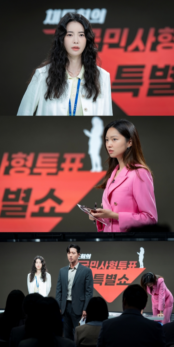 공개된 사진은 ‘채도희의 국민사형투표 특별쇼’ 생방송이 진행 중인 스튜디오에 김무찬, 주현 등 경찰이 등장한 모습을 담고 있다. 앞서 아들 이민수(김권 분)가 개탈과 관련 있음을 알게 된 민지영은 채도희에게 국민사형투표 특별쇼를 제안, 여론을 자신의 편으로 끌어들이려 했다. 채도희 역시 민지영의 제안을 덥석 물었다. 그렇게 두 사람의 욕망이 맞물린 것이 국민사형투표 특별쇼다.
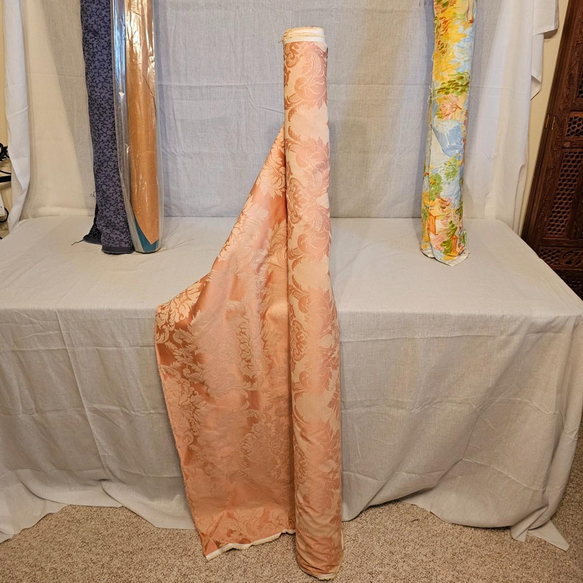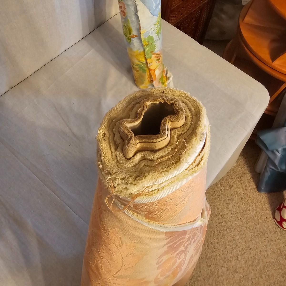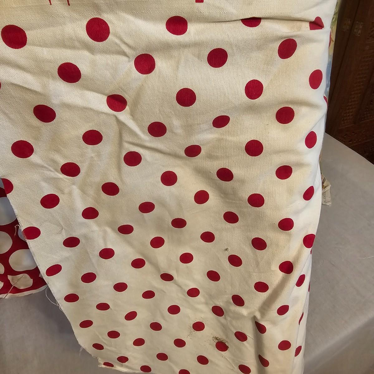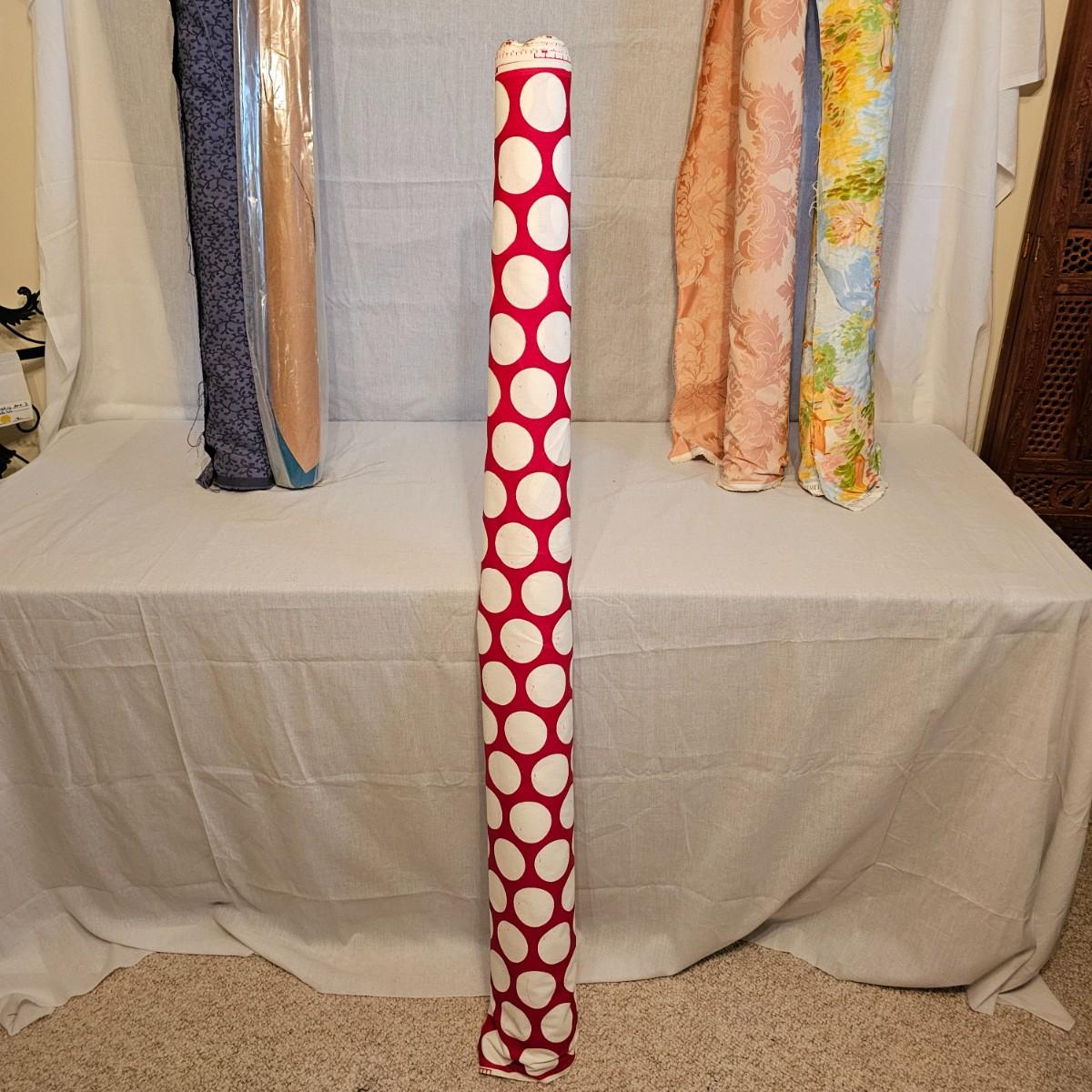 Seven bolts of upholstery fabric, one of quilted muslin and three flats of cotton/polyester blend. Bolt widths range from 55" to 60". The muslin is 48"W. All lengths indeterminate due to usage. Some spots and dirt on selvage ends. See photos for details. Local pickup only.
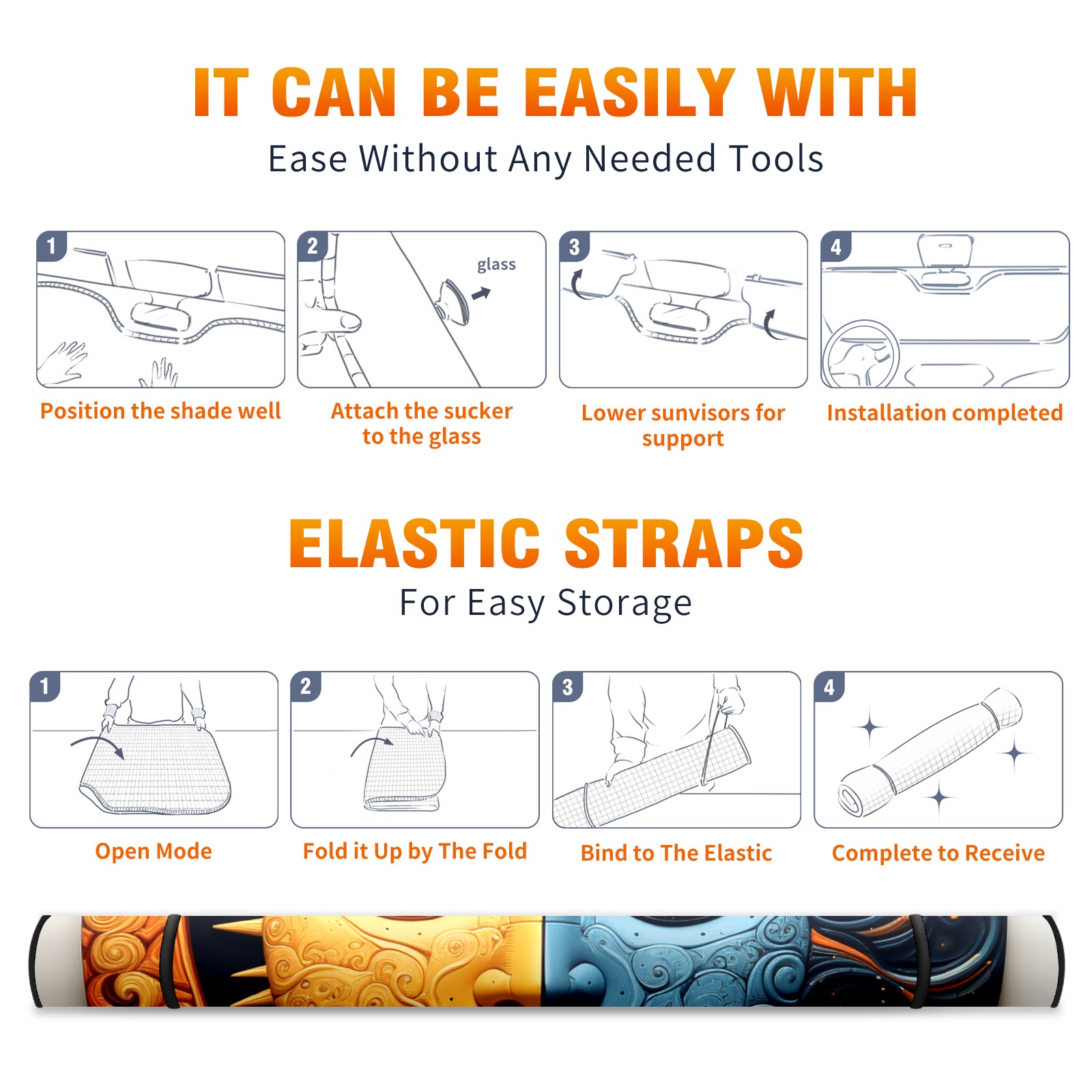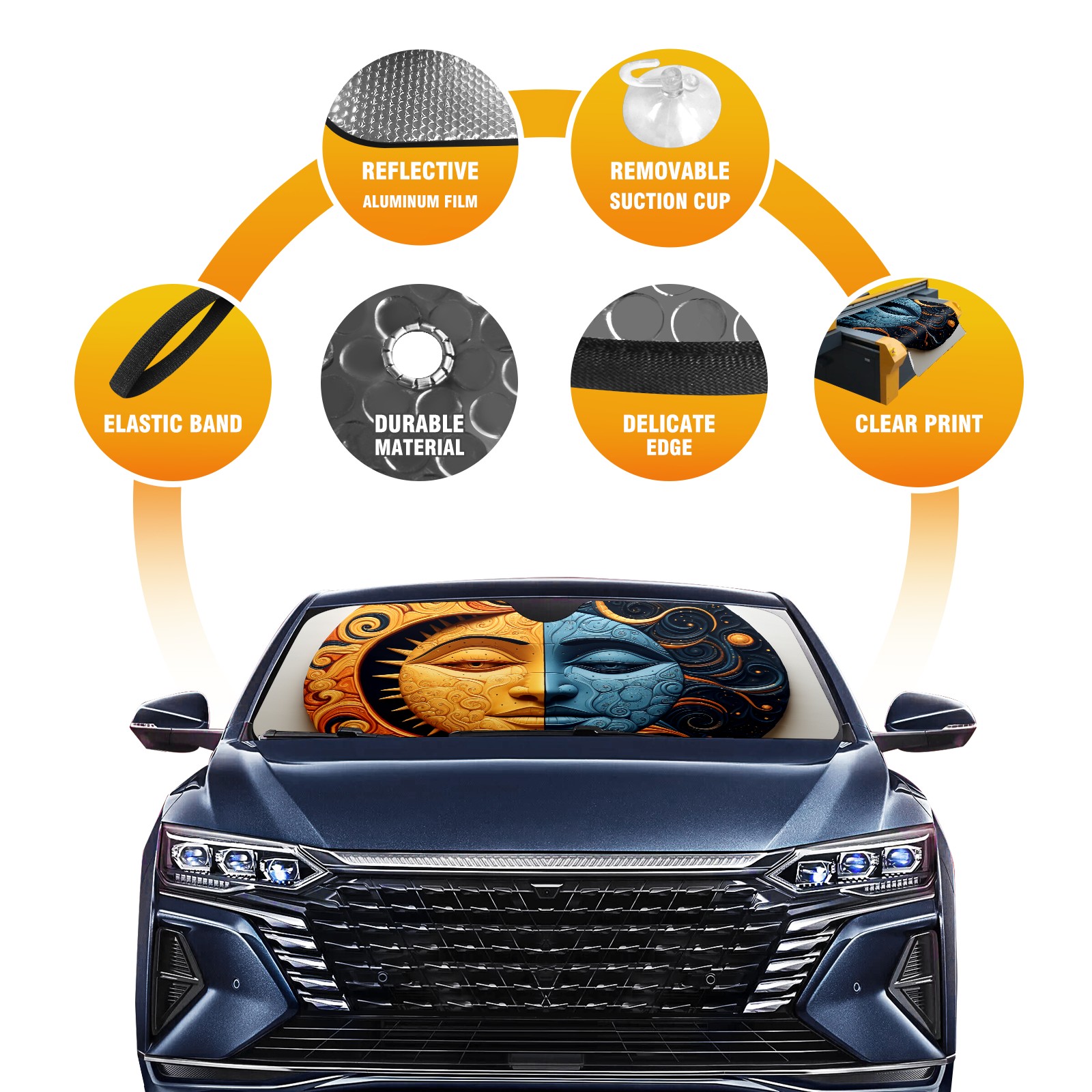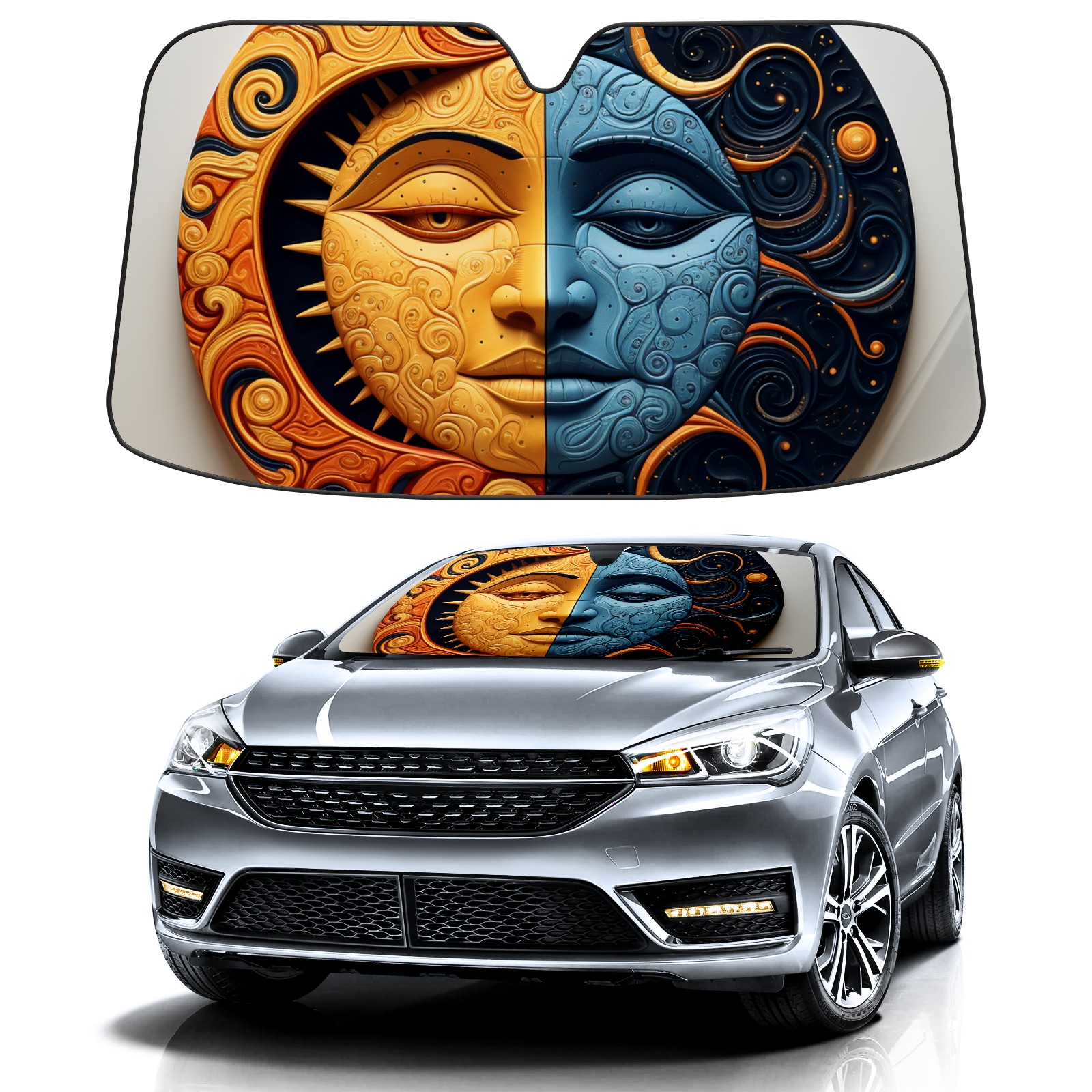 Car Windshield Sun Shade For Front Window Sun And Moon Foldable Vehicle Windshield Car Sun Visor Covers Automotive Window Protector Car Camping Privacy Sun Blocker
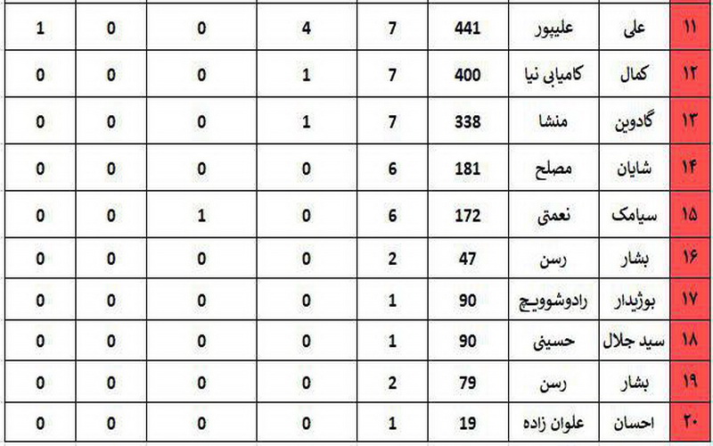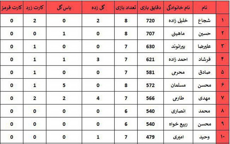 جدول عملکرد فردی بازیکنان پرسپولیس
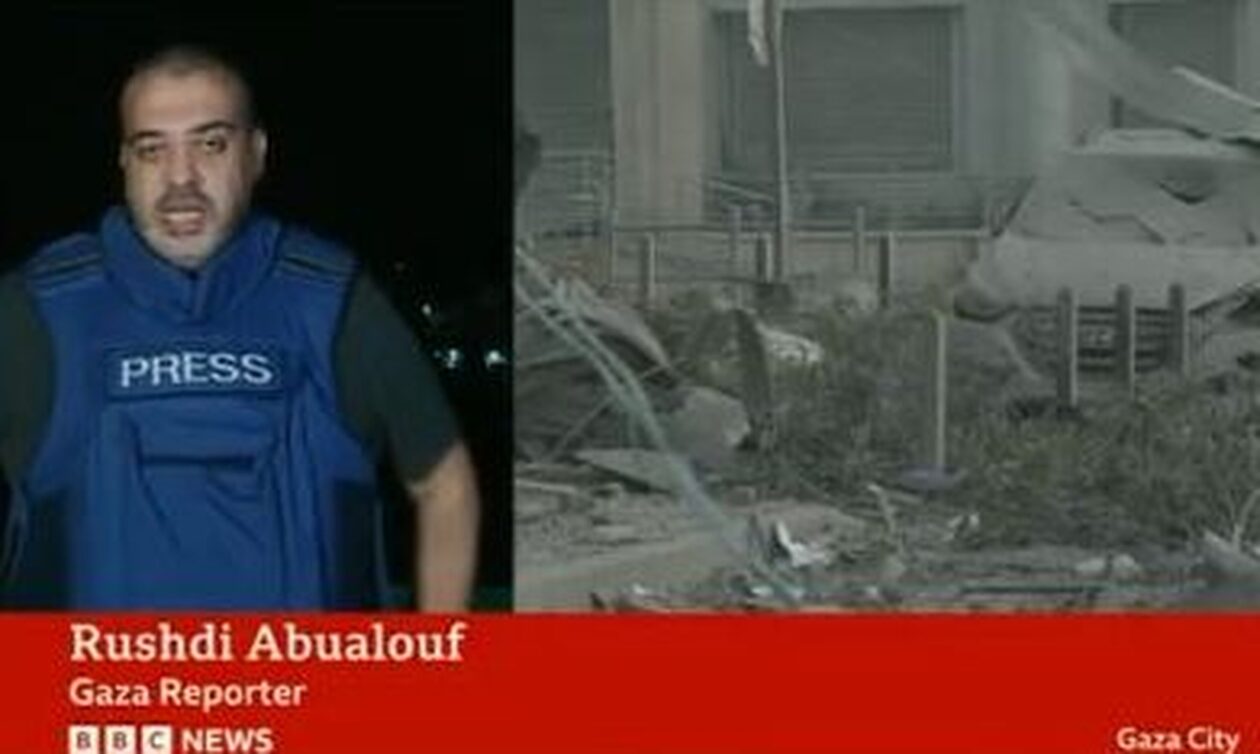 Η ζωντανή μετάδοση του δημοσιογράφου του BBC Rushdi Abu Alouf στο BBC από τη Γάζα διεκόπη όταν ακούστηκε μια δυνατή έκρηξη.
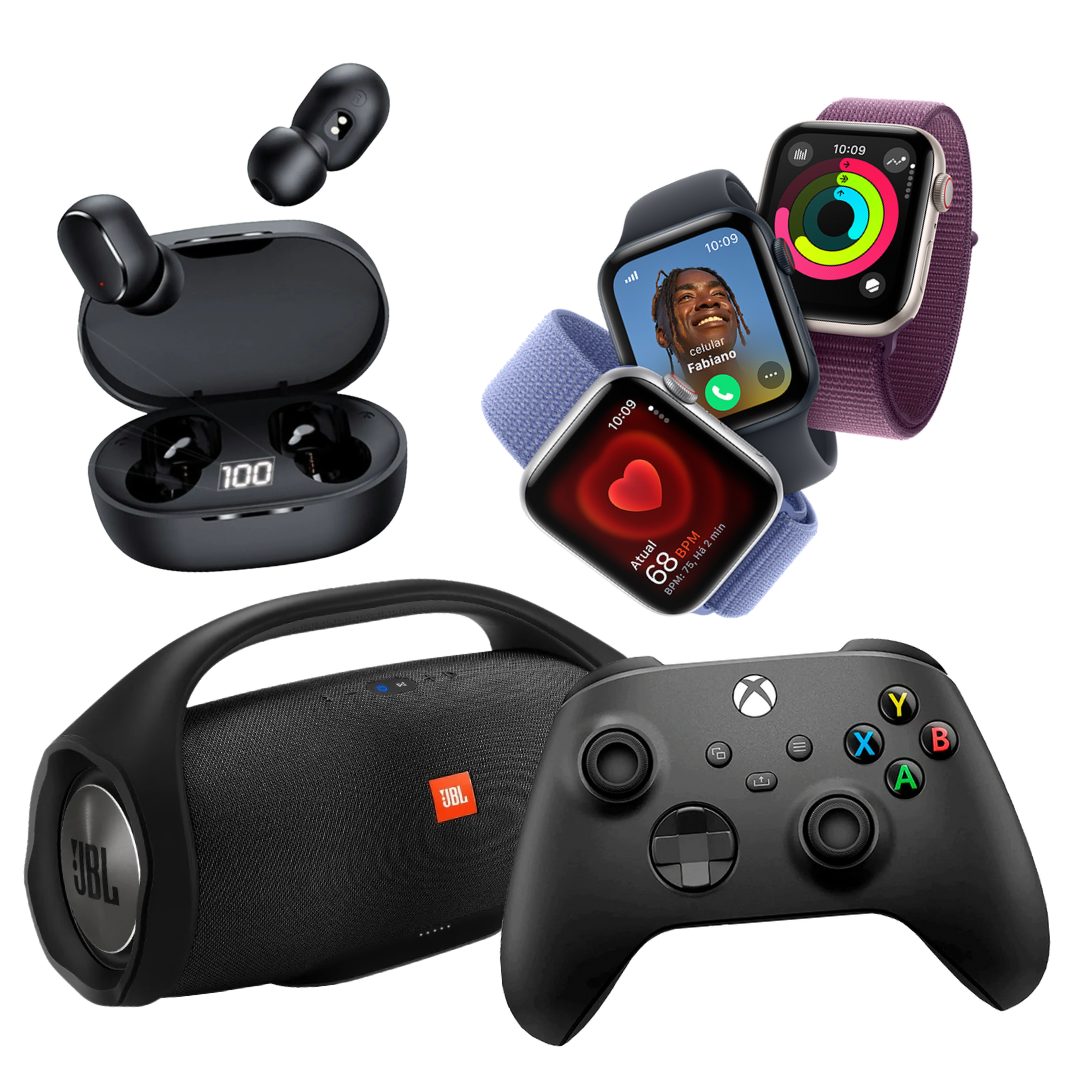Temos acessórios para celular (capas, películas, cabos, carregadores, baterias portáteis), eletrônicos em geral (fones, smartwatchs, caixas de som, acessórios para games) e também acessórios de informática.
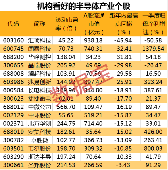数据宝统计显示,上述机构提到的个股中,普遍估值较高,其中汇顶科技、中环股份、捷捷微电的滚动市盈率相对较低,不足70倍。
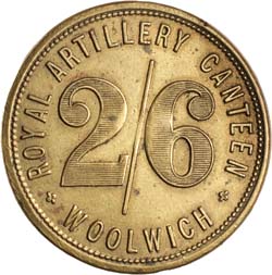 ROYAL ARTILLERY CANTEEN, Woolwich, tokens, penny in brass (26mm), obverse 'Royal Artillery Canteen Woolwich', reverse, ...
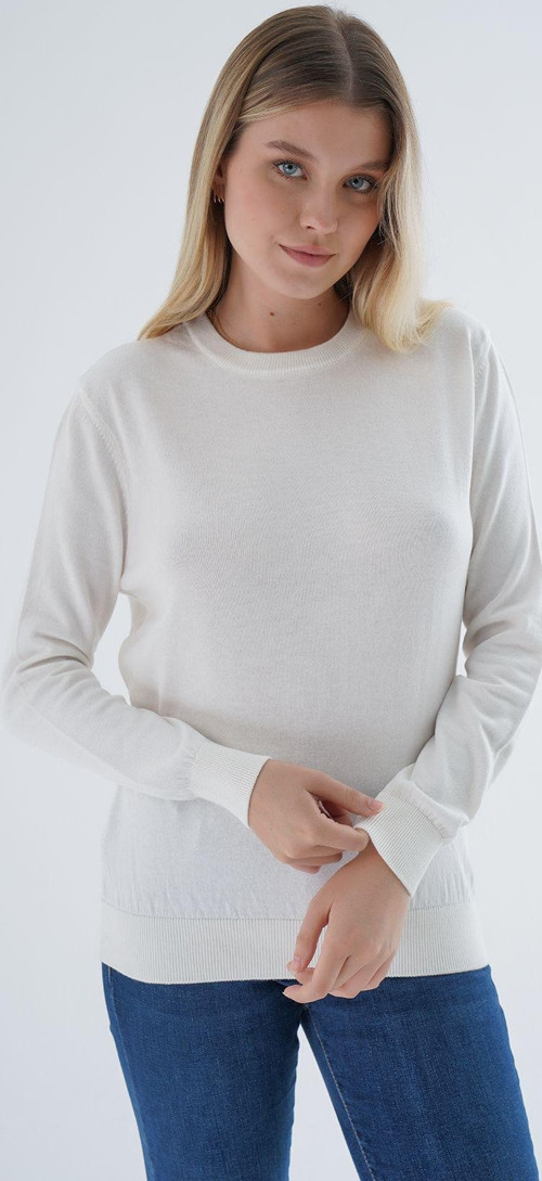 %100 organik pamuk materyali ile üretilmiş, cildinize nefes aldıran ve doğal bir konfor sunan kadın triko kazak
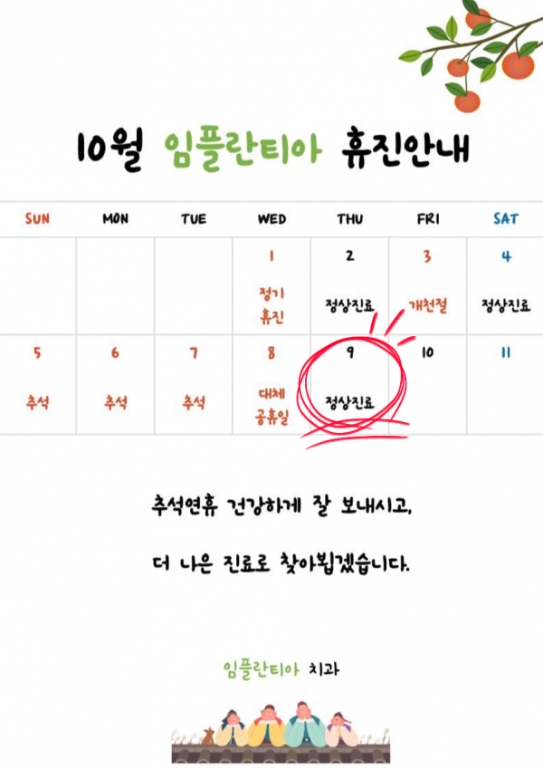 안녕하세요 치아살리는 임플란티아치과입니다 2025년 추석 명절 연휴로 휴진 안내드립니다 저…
--
_Requirement_: Reproduce the final stretch of lines exactly: the line containing "جدول عملکرد فردی بازیکنان پرسپولیس" through the last line of the data, both included. Pictures do not belong in the copy.

_Response below_:
 جدول عملکرد فردی بازیکنان پرسپولیس
 Η ζωντανή μετάδοση του δημοσιογράφου του BBC Rushdi Abu Alouf στο BBC από τη Γάζα διεκόπη όταν ακούστηκε μια δυνατή έκρηξη.
Temos acessórios para celular (capas, películas, cabos, carregadores, baterias portáteis), eletrônicos em geral (fones, smartwatchs, caixas de som, acessórios para games) e também acessórios de informática.
数据宝统计显示,上述机构提到的个股中,普遍估值较高,其中汇顶科技、中环股份、捷捷微电的滚动市盈率相对较低,不足70倍。
 ROYAL ARTILLERY CANTEEN, Woolwich, tokens, penny in brass (26mm), obverse 'Royal Artillery Canteen Woolwich', reverse, ...
 %100 organik pamuk materyali ile üretilmiş, cildinize nefes aldıran ve doğal bir konfor sunan kadın triko kazak
 안녕하세요 치아살리는 임플란티아치과입니다 2025년 추석 명절 연휴로 휴진 안내드립니다 저…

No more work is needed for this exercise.